United States District Court, W.D. North Carolina, Statesville Division

April 12, 2017

ANGELA G. SEXTON, Plaintiff,
v.
SKYLINE MEMBERSHIP CORP., Defendant.

          ORDER

          Richard L. Voorhees United States District Judge.

         THIS MATTER IS BEFORE THE COURT on Defendant Skyline Telephone Membership Corporation's[1] (“Defendant”) Motion to Dismiss (Doc. 11) (the “Motion”) and accompanying brief in support (Doc. 12), which were filed on August 26, 2016. Plaintiff Angela G. Sexton (“Plaintiff”) did not file a response to Defendant's Motion. For the following reasons, Defendant's Motion to Dismiss is GRANTED WITH PREJUDICE.

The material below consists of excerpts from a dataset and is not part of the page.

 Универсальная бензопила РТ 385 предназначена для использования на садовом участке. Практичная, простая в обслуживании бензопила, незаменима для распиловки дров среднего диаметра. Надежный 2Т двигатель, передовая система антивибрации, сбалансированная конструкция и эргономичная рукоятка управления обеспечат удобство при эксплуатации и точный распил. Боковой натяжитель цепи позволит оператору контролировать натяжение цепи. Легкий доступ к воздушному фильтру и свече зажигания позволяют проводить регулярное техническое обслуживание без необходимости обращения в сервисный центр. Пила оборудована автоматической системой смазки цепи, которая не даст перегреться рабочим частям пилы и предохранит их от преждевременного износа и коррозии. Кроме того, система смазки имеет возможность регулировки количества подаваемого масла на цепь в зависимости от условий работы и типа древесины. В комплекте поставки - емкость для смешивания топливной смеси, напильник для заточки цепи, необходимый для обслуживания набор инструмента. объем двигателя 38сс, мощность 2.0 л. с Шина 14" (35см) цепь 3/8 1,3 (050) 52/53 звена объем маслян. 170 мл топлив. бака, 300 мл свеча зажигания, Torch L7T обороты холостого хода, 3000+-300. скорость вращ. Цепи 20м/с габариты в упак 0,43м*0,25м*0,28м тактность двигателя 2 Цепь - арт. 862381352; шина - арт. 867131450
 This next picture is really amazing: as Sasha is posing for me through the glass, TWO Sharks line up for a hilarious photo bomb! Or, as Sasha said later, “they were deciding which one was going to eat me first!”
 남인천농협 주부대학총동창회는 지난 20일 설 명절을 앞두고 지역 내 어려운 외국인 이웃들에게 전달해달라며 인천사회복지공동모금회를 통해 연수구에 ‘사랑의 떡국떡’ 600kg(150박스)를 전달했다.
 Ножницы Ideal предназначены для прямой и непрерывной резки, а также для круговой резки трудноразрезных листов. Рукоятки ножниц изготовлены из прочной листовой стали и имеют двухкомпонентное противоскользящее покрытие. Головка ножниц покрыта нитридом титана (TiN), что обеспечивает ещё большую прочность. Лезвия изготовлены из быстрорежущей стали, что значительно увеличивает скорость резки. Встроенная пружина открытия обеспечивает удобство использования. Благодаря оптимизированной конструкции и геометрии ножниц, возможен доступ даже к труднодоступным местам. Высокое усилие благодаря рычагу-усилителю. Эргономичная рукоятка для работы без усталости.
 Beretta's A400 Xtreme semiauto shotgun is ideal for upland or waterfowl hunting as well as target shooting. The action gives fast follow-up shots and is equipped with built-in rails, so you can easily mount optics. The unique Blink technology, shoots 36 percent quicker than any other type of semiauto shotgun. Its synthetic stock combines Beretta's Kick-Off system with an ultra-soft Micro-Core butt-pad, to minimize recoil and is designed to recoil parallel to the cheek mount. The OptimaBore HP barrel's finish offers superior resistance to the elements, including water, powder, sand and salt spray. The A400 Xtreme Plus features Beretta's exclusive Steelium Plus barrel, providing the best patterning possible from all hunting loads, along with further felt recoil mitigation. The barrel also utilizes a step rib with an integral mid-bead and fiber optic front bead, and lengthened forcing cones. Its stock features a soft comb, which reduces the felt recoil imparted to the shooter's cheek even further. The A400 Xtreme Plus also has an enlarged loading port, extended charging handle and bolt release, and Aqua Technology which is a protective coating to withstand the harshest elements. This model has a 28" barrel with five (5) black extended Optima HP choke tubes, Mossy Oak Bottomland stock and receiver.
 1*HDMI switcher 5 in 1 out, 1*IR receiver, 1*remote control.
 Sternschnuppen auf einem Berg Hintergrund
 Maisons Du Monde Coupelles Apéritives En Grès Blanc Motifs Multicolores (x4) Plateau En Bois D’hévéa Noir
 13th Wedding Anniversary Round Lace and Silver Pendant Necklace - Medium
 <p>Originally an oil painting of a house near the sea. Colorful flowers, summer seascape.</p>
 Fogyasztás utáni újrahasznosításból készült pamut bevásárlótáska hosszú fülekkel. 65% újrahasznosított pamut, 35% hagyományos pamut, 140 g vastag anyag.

         I. PROCEDURAL HISTORY

         Plaintiff is appearing pro se in this action. Defendant employed Plaintiff as a cashier until she was terminated on April 23, 2015. (Doc. 1) at 4; (Doc. 1-1) at 1. On December 3, 2015, which is 224 days after Defendant terminated Plaintiff's employment, she filed an Equal Employment Opportunity Commission (“EEOC”) charge, alleging that Defendant had discriminated and retaliated against her in violation of the Americans with Disabilities Act of 1990, 42 U.S.C. § 12101 et seq., as amended (the “ADA”). (Doc. 1-1) at 1. On December 8, 2015, the EEOC issued a “Dismissal and Notice of Rights” letter, which dismissed Plaintiff's charge as being untimely filed. (Doc. 1-1) at 3. The dismissal letter states, “[y]our charge was not timely filed with EEOC; in other words, you waited too long after the date(s) of the alleged discrimination to file your charge.” Id. Plaintiff filed a Complaint in this Court on March 8, 2016, alleging that her employer, Defendant, unlawfully discriminated against her in violation of the ADA.[2] (Doc. 1). On August 26, 2016, Defendant filed the present Motion (Doc. 11) and accompanying brief in support (Doc. 12), to which Plaintiff did not respond.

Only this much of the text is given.